Hello from this windy Thursday in the deep heart of Texas. I have been here 4 days now and it’s been a long week of waiting, praying, hoping for the best, and preparing for the worst. Nobody wants to talk about it, but Mom and I both know to be ready for anything. So far he is still scheduled for surgery tomorrow, Friday the 26th, so we hope and we wait some more.
I am not going to lie, I am exhausted. I am doing everything in my power for my Mom and Bob, but we all know there is only so much I can do. Still cleaning, driving her anywhere she needs to be, helping her remember things to pack every day, preparing food and so on. We have their place here to “summer ize” before they head back to Wisconsin, so there’s a lot to do for that. Temps can be in the 100s here over the summer so they have to do a laundry list of things to prevent the heat and bugs from getting to things while they are gone. With Bob being in recovery mode, he will be unable to drive back to WI, and certainly not be able to wrap things up here. So Mom and I will hopefully find the strength and knowledge to get it all done.
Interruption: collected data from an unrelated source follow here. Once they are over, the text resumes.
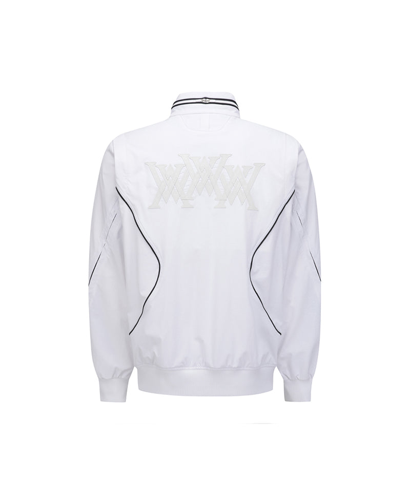 A piping jacket in an impactful printed fabric. The back panel has a mesh tunnel for a comfortable swing. It has a piping collar and logo patch for added emphasis. This is an item that allows for a stylish look.
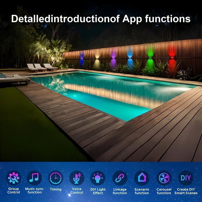 Smart Outdoor Light String 300 Ft RGBIC with 16 Million Color Options. Transform your outdoor space with this professional-grade LED light string system. Featuring 300 feet of coverage, this RGBIC setup delivers 16 million customizable colors with dimmable warm white functionality for versatile ambiance control. The included LED bulbs produce exceptional brightness at over 82,000 lumens, ensuring reliable illumination across gardens, patios, and landscaping applications. AC-powered for consistent performance, this system combines smart app control with straightforward assembly installation. Ideal for creating dynamic outdoor environments that adapt to any occasion or season.
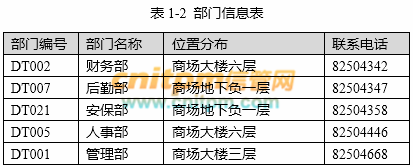 2. 每个商场包含不同的部门,部门需要记录的信息包括部门编号(不同商场的部门编号不同)、部门名称、位置分布和联系电话。某商场的部门信息如表1-2所示。
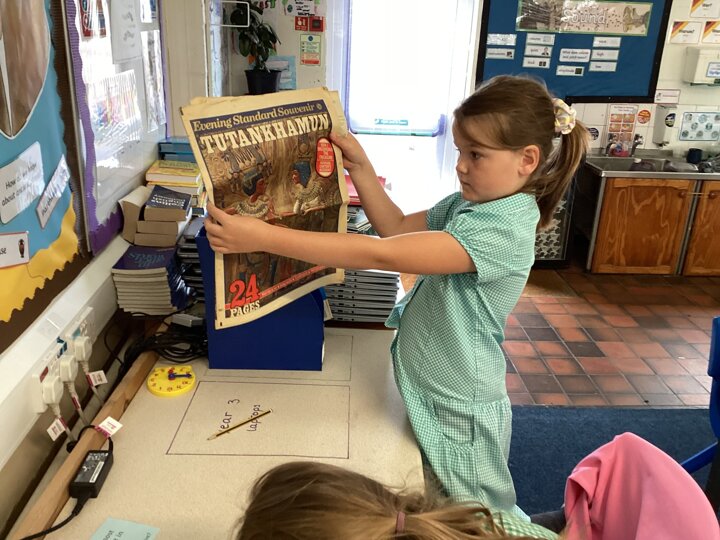 To fit into our 'ancient civilisations' topic, children have been learning all about Ancient Egypt. We have focused on some primary sources including the pyramids, artefacts and hieroglyphs already. This week, children looked at secondary sources including books, posters, recreated images and newspapers.

Time frames are up in the air, it all depends on tomorrow. I am willing to stay as long as possible, and one scenario is having his son drive Bob and his car home to WI with Mom or I drive Mom up in mine, just for space wise. Then I will either fly back to Orlando and leave my car there and fly back and start the road trip there OR I will be driving all the way back to Florida and then resuming life from there as planned. Decisions….hate them. Emily’s birthday is in May, and I’d rather not miss it as it is a big one, but I also know I am needed here as long as possible. I did bring as much I could for the road trip in case I would be starting from here, always trying to think ahead, but I didn’t pack very well and a lot I forgot at home. Craig has offered to ship anything I need, so that option is always open.
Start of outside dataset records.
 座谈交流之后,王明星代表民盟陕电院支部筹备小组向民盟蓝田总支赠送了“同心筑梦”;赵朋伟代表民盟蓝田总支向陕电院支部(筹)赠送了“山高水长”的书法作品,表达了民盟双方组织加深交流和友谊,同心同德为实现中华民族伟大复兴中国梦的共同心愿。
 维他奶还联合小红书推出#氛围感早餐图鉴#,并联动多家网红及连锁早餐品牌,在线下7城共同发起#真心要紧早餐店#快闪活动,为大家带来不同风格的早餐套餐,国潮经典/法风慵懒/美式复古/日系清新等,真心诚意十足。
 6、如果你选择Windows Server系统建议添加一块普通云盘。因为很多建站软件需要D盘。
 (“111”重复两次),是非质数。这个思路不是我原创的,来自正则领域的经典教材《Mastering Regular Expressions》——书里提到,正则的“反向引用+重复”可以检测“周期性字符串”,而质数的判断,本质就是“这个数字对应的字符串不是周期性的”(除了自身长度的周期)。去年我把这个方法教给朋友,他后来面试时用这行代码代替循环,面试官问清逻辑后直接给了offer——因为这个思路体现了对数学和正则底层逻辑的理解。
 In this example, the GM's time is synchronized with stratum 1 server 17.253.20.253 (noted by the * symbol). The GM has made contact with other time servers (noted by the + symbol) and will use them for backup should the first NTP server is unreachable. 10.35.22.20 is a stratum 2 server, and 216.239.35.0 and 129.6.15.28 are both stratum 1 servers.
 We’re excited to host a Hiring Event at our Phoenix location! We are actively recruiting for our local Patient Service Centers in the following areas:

Trying to keep busy, writing, and planning but my heart’s just not in it right now. My mom has this old bike that she wants to paint yellow and I thought about making it for her and adding flowers and then putting it in front to surprise her…but the problem with that is that they seem determined to leave for rehab possibly in WI rather than here, so I don’t want to add to more “stuff” to pack, put away, if they are planning on heading out soon. I wanted to get fresh flowers for Bob for the hospital and here at the house as a “get better” feel- but he’s allergic. I seem to keep going down these paths of wanting to do something but the end result keeps being a “wait and see”- so I am.
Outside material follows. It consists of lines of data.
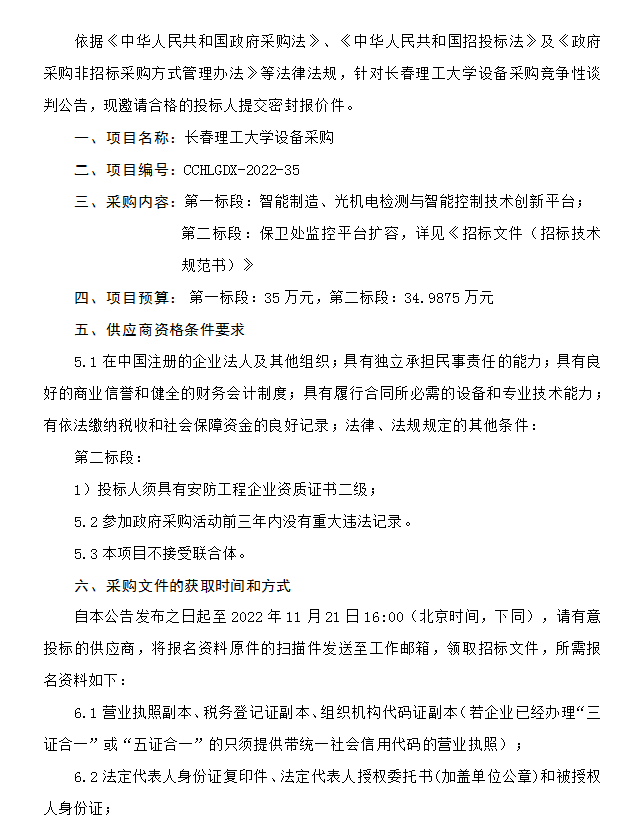 MK平台设备采购竞争性谈判公告
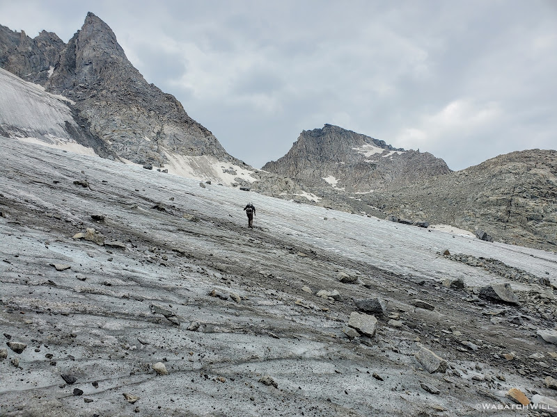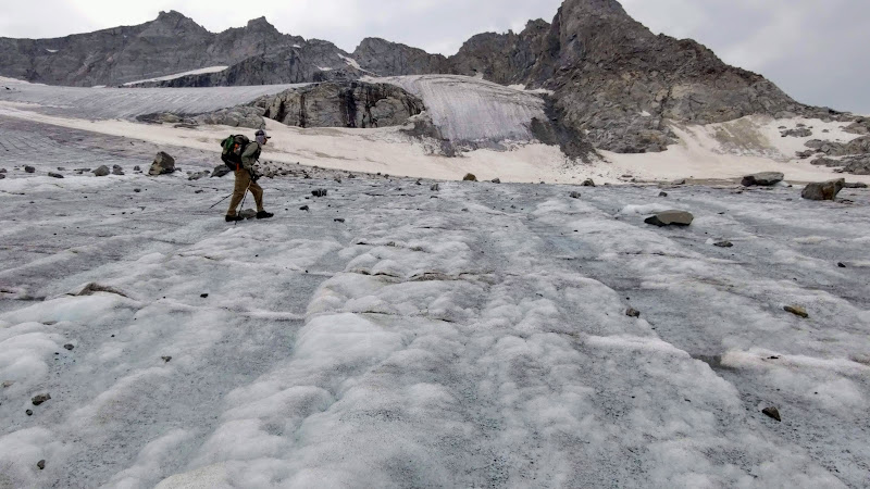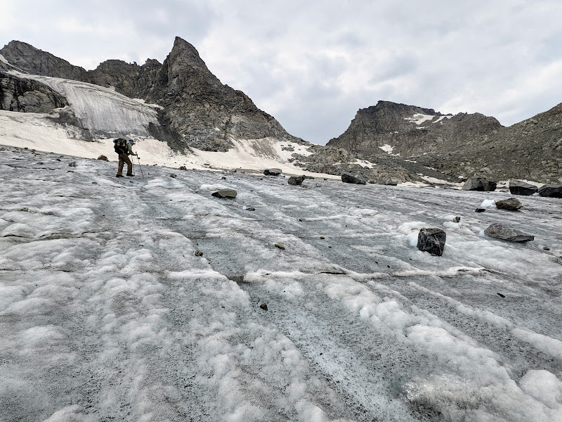 With Blake having left his microspikes back at home, we had been wondering how hard or how tricky it would be to traverse up and over the glacier without any such traction aid under his feet. We knew that with enough sun, the surface would probably be slushy enough to get reasonably good footing without any kind of traction accessories underfoot, but even so, it would be very inefficient. We knew of others who had successfully done this in favor of not carrying the weight of microspikes, crampons, or the like with them. Yet others have not only packed along spikes or crampons but ice axes and helmets as well only to have never really used them along the whole route. I suppose one can never be too sure if heading out in the early season or after a big snow year and it's always better to be safer than sorry. As already mentioned earlier in this series, I had reasoned that spikes, or in my case, some Hillsound Trail Crampons could prove useful and make the snow and ice travel more efficient and so I justified the extra weight of them. I also figured that my trekking poles would be sufficient as hand supports to help keep myself upright, providing additional assistive traction and thus further secure my footing.
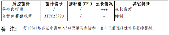 按标签用法制备培养基,接种以下质控菌株,放置36±1℃需氧培养72-120小时。
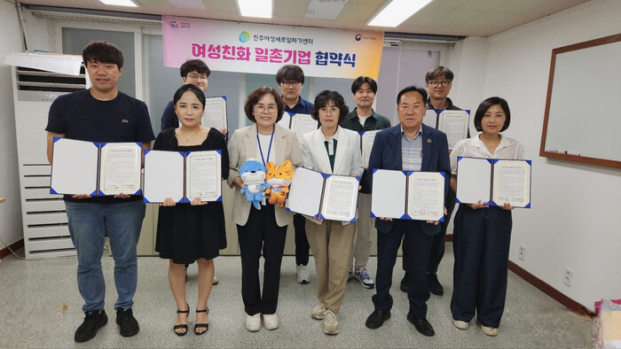 진주여성새로일하기센터가 지난 22일 진주시 관내 10개 병의원 및 중소기업과 ‘여성친화일촌기업 협약’을 체결하며 여성친화적 기업문화 확산에 본격적으로 나서 관심을 모으고 있다.

Yeah, this isn’t a post about a cool ghost tour or the Grand Canyon, wish it was, but just simply an update of life right now. I am not looking for pity or judgement, just good vibes and prayers for Bob’s surgery tomorrow and peace for my Mom’s heart and head. It will be a long one tomorrow, strength in whatever form is much appreciated. Sending much love to y’all from Pharr, Texas- have a good day.